▶ **Source information**:
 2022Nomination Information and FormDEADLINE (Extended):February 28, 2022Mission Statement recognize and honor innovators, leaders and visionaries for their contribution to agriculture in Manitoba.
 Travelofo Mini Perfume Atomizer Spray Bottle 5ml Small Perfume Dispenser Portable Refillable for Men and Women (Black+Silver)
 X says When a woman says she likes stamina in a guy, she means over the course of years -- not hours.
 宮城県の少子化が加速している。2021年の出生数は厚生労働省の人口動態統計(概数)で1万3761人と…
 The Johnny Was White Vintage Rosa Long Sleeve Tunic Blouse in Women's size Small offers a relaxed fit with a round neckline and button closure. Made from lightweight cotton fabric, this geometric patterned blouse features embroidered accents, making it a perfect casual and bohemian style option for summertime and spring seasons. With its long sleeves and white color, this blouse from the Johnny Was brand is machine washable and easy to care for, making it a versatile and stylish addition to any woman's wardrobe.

* * *

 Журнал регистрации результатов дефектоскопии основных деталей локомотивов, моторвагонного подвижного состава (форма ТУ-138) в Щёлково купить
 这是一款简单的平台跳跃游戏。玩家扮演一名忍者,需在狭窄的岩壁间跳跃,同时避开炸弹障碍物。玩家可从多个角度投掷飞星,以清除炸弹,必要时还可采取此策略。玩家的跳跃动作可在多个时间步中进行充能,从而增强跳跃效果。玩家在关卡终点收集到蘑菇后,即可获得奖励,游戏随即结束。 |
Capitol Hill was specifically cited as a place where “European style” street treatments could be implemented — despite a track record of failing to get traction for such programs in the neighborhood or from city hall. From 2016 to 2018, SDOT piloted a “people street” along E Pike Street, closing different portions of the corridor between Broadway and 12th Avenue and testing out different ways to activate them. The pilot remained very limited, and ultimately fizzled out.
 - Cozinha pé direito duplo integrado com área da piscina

▶ **Problem**: Using the entries, return every line where the word "woman" can be found.

▶ **Exercise solution**:
 X says When a woman says she likes stamina in a guy, she means over the course of years -- not hours.
 The Johnny Was White Vintage Rosa Long Sleeve Tunic Blouse in Women's size Small offers a relaxed fit with a round neckline and button closure. Made from lightweight cotton fabric, this geometric patterned blouse features embroidered accents, making it a perfect casual and bohemian style option for summertime and spring seasons. With its long sleeves and white color, this blouse from the Johnny Was brand is machine washable and easy to care for, making it a versatile and stylish addition to any woman's wardrobe.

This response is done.